Task instructions
Below is a block of records: output all of them exactly and leave out the pictures.

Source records

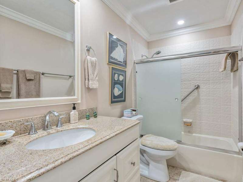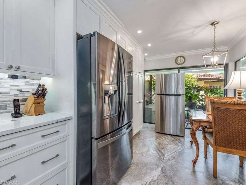 Step into elegance and comfort with this beautifully updated residence. From the moment you enter the serene courtyard, you're welcomed by lush professional landscaping and a stunning three-tiered fountain - setting the tone for the luxury within. Inside, the deluxe gourmet kitchen is a true showpiece. Enjoy abundant soft-close cabinetry with custom circular corner shelves, light quartz countertops with bar seating, and a stylish tile backsplash. Fingerprint-resistant stainless-steel appliances, including a triple-shelf convection oven and dishwasher, shine under modern LED lighting. The kitchen's cozy breakfast nook overlooks the peaceful courtyard, creating the perfect spot for your morning coffee. The open-concept layout flows seamlessly into the spacious great room, complete with a designer wet bar and a striking staircase leading to the loft-style office. Adjacent to the loft is a generous walk-in attic, offering exceptional storage space. Retreat to the primary suite, featuring a remodeled bath with a sleek, doorless shower and dual walk-in closets. Both bathrooms showcase elevated vanities and comfort-height toilets for a spa-like experience. Relax on the screened lanai with electric hurricane shutters, while taking in the breathtaking golf course views - the ideal backdrop for entertaining or quiet evenings. Perfectly situated just minutes from downtown Naples and pristine Gulf beaches, this home combines refined design, modern comfort, and an unbeatable location.
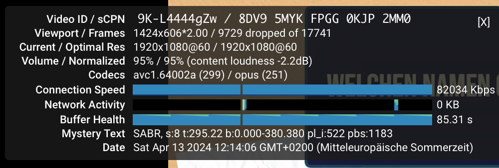 YouTube freezes and freezes and I can't do anything else. All the other browsers I've tried (Chrome, Firefox, Orion, Arc, Vivaldi) don't have the problem. I also see under "Statistics for nerds" that Safari loses a really large number of frames, which is not the case with the browsers mentioned above, at least not to the same extent.
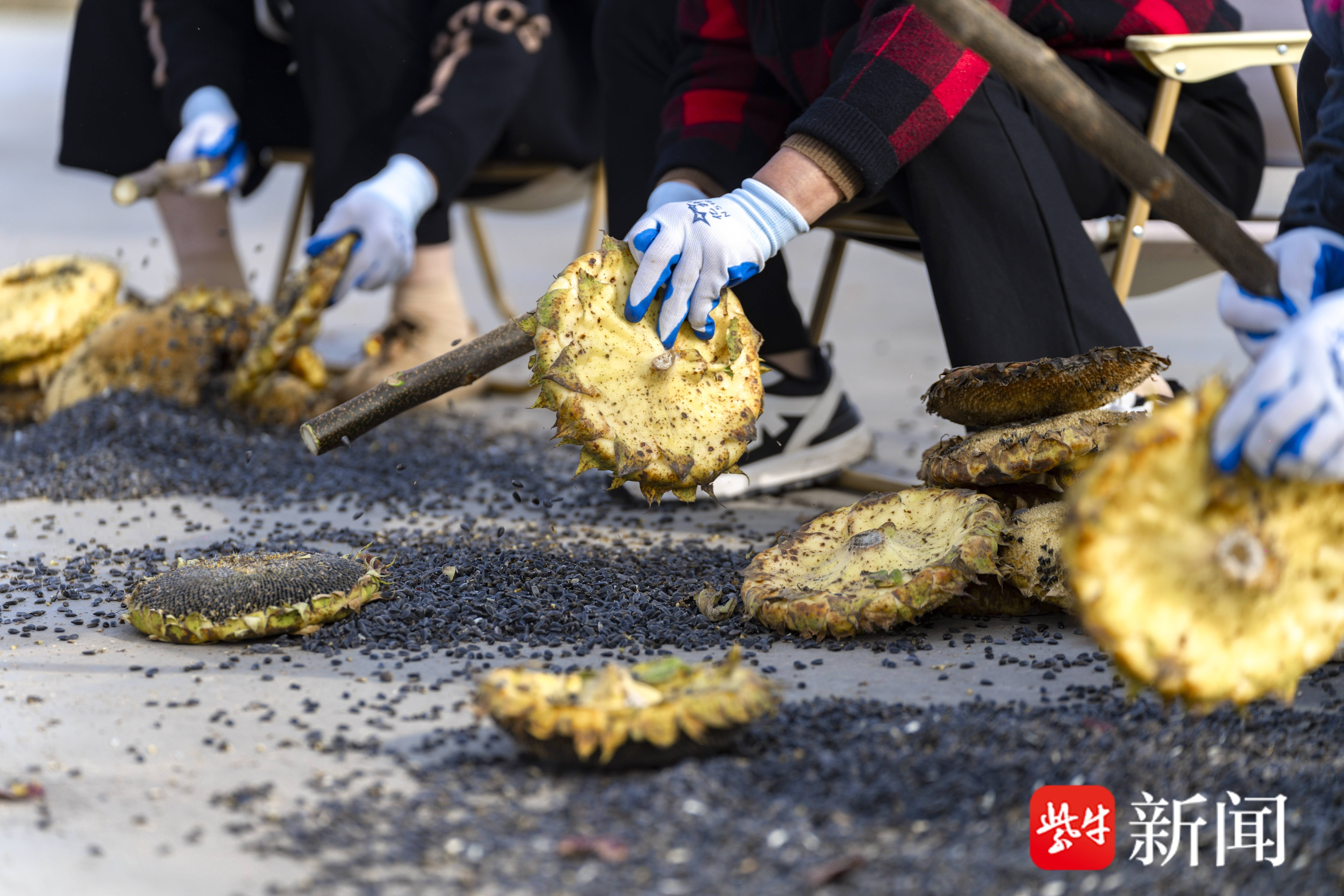 活动在热火朝天的“巧手锤葵”大赛中拉开序幕。姐妹们手持传统木槌,在农场晒场上敲打出欢快的丰收节奏。金色葵盘应声裂开,饱满的籽粒如雨落下,现场洋溢着丰收的喜悦。经过激烈角逐,评委依据速度与完整度,评选出了一、二、三等奖及纪念奖。
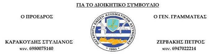 Η Ένωση Αξιωματικών ΕΛ.ΑΣ. Περιφέρειας Κρήτης πραγματοποίησε την Τετάρτη 22 Ιανουαρίου 2025 εθιμοτυπική συνάντηση με τον Γενικό Αστυνομικό Διευθυντή Περιφέρειας Κρήτης Υποστράτηγο κ. Σπυριδάκη Νικόλαο καθώς και με το νέο Αστυνομικό Διευθυντή Χανίων Ταξίαρχο κ. Νικολάου Κανέλλου, εκφράζοντας τα συγχαρητήρια μας στον μεν Στρατηγό για την παραμονή του για δεύτερη χρονιά στο τιμόνι της ΓΕ.Π.Α.Δ. Κρήτης, στο δε κ. Νικολάου για την προαγωγή του στο βαθμό του Ταξίαρχου στις πρόσφατες κρίσεις του σώματος αλλά και για την ανάληψη των καθηκόντων ως επικεφαλής της Διεύθυνσης Αστυνομίας Χανίων, με την ευχή να έχουν μία εποικοδομητική και άκρως αποτελεσματική χρονιά με πολλές επιτυχίες στην πάταξη του εγκλήματος για την εμπέδωση του αισθήματος ασφάλειας στους πολίτες του Νησιού μας.
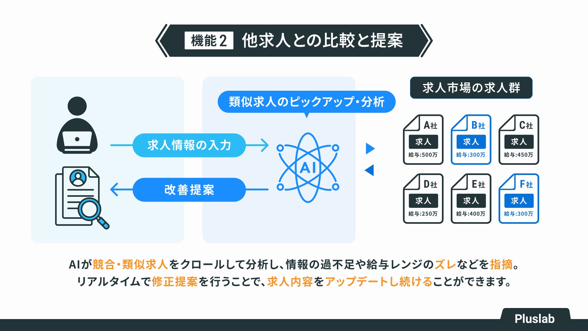 AIが競合・類似求人をクロールして分析し、情報の過不足や給与レンジのズレなどを指摘。リアルタイムで修正提案を行うことで、求人内容をアップデートし続けることができます。
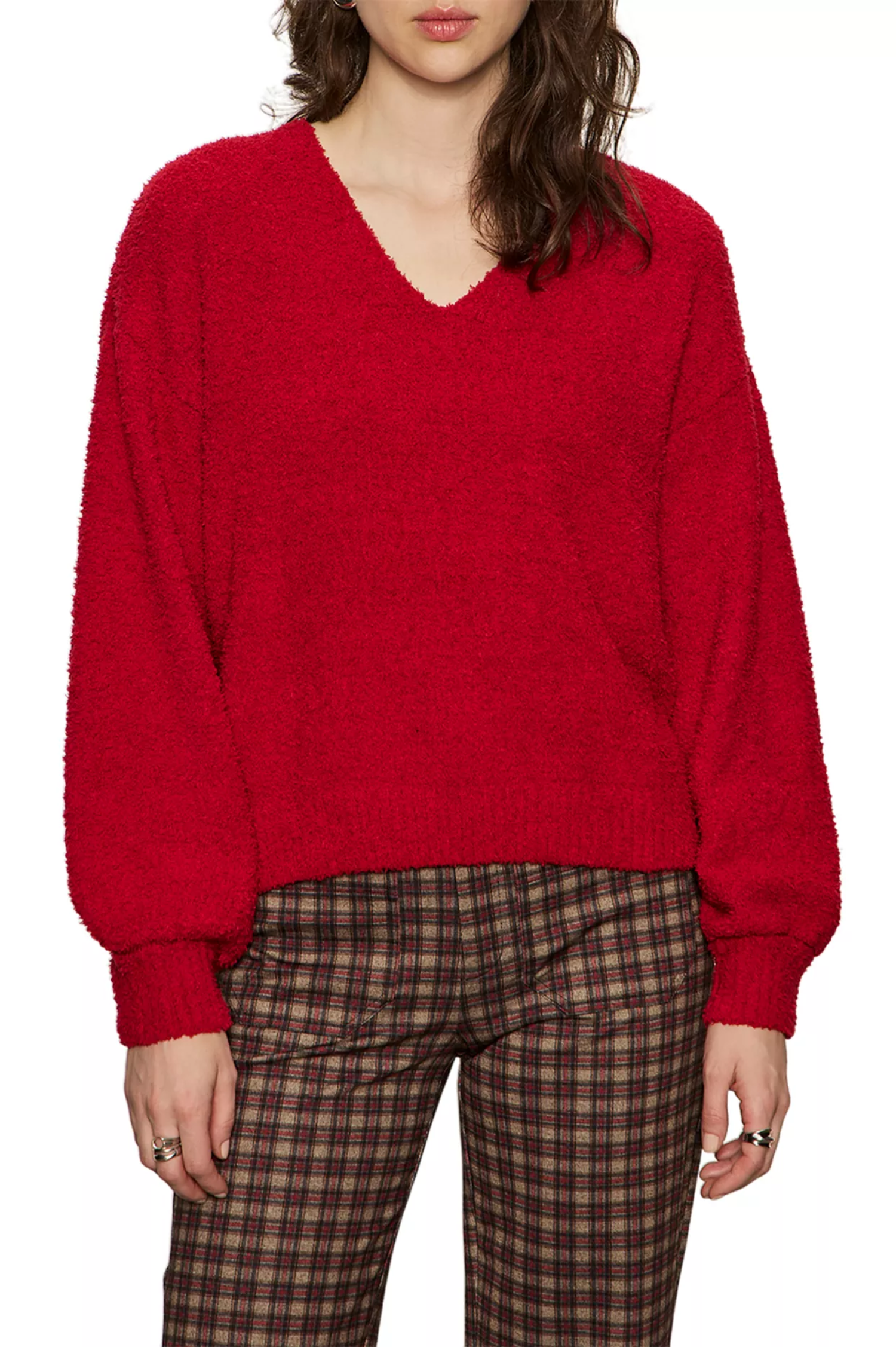 Sanctuary Teddy V-Neck Sweater - Cherry / XS is backordered and will ship as soon as it is back in stock.
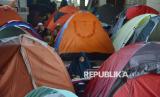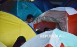 Ratusan peserta itikaf mendirikan tenda untuk mengikuti itikaf 10 malam terakhir Ramadhan di Masjid Raya Habiburrahman PTDI, Kota Bandung, Jawa Barat, Ahad (23/3/2025). Selama 10 malam terakhir Ramadhan peserta fokus beribadah, salah satunya untuk mendapatkan kemuliaan Lailatul Qadar. (FOTO : Edi Yusuf)
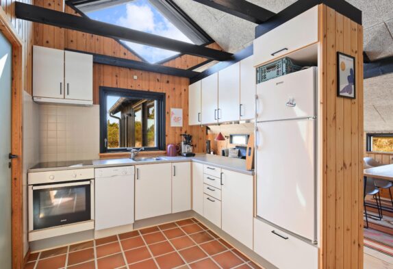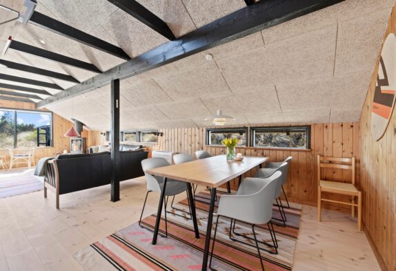 Alrummet udgør sommerhusets hjerte, og her er der lagt op til mange hyggelige stunder i løbet af jeres ferie. Her kan I være sammen om madlavningen, sjove spil og gode film, og med den åbne forbindelse mellem køkken, spiseplads og stue kan I også nyde hinandens selskab, selvom I laver forskellige ting.
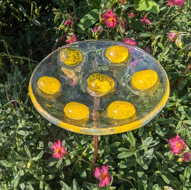 A brand new design of shallow Bee Cups for your outdoor space featuring landing pads for bees and butterflies, handmade using specialist art glass and copper.
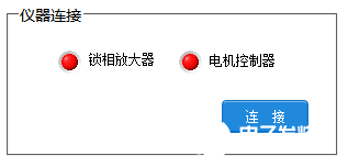 仪器连接界面:将计算机与步进电机控制器、RS860锁相放大器连接起来;仪器连接成功之后,点击系统界面的连接按钮,正常连接两个LED灯亮,否则灭。

Solution for this problem
 Step into elegance and comfort with this beautifully updated residence. From the moment you enter the serene courtyard, you're welcomed by lush professional landscaping and a stunning three-tiered fountain - setting the tone for the luxury within. Inside, the deluxe gourmet kitchen is a true showpiece. Enjoy abundant soft-close cabinetry with custom circular corner shelves, light quartz countertops with bar seating, and a stylish tile backsplash. Fingerprint-resistant stainless-steel appliances, including a triple-shelf convection oven and dishwasher, shine under modern LED lighting. The kitchen's cozy breakfast nook overlooks the peaceful courtyard, creating the perfect spot for your morning coffee. The open-concept layout flows seamlessly into the spacious great room, complete with a designer wet bar and a striking staircase leading to the loft-style office. Adjacent to the loft is a generous walk-in attic, offering exceptional storage space. Retreat to the primary suite, featuring a remodeled bath with a sleek, doorless shower and dual walk-in closets. Both bathrooms showcase elevated vanities and comfort-height toilets for a spa-like experience. Relax on the screened lanai with electric hurricane shutters, while taking in the breathtaking golf course views - the ideal backdrop for entertaining or quiet evenings. Perfectly situated just minutes from downtown Naples and pristine Gulf beaches, this home combines refined design, modern comfort, and an unbeatable location.
 YouTube freezes and freezes and I can't do anything else. All the other browsers I've tried (Chrome, Firefox, Orion, Arc, Vivaldi) don't have the problem. I also see under "Statistics for nerds" that Safari loses a really large number of frames, which is not the case with the browsers mentioned above, at least not to the same extent.
 活动在热火朝天的“巧手锤葵”大赛中拉开序幕。姐妹们手持传统木槌,在农场晒场上敲打出欢快的丰收节奏。金色葵盘应声裂开,饱满的籽粒如雨落下,现场洋溢着丰收的喜悦。经过激烈角逐,评委依据速度与完整度,评选出了一、二、三等奖及纪念奖。
 Η Ένωση Αξιωματικών ΕΛ.ΑΣ. Περιφέρειας Κρήτης πραγματοποίησε την Τετάρτη 22 Ιανουαρίου 2025 εθιμοτυπική συνάντηση με τον Γενικό Αστυνομικό Διευθυντή Περιφέρειας Κρήτης Υποστράτηγο κ. Σπυριδάκη Νικόλαο καθώς και με το νέο Αστυνομικό Διευθυντή Χανίων Ταξίαρχο κ. Νικολάου Κανέλλου, εκφράζοντας τα συγχαρητήρια μας στον μεν Στρατηγό για την παραμονή του για δεύτερη χρονιά στο τιμόνι της ΓΕ.Π.Α.Δ. Κρήτης, στο δε κ. Νικολάου για την προαγωγή του στο βαθμό του Ταξίαρχου στις πρόσφατες κρίσεις του σώματος αλλά και για την ανάληψη των καθηκόντων ως επικεφαλής της Διεύθυνσης Αστυνομίας Χανίων, με την ευχή να έχουν μία εποικοδομητική και άκρως αποτελεσματική χρονιά με πολλές επιτυχίες στην πάταξη του εγκλήματος για την εμπέδωση του αισθήματος ασφάλειας στους πολίτες του Νησιού μας.
 AIが競合・類似求人をクロールして分析し、情報の過不足や給与レンジのズレなどを指摘。リアルタイムで修正提案を行うことで、求人内容をアップデートし続けることができます。
 Sanctuary Teddy V-Neck Sweater - Cherry / XS is backordered and will ship as soon as it is back in stock.
 Ratusan peserta itikaf mendirikan tenda untuk mengikuti itikaf 10 malam terakhir Ramadhan di Masjid Raya Habiburrahman PTDI, Kota Bandung, Jawa Barat, Ahad (23/3/2025). Selama 10 malam terakhir Ramadhan peserta fokus beribadah, salah satunya untuk mendapatkan kemuliaan Lailatul Qadar. (FOTO : Edi Yusuf)
 Alrummet udgør sommerhusets hjerte, og her er der lagt op til mange hyggelige stunder i løbet af jeres ferie. Her kan I være sammen om madlavningen, sjove spil og gode film, og med den åbne forbindelse mellem køkken, spiseplads og stue kan I også nyde hinandens selskab, selvom I laver forskellige ting.
 A brand new design of shallow Bee Cups for your outdoor space featuring landing pads for bees and butterflies, handmade using specialist art glass and copper.
 仪器连接界面:将计算机与步进电机控制器、RS860锁相放大器连接起来;仪器连接成功之后,点击系统界面的连接按钮,正常连接两个LED灯亮,否则灭。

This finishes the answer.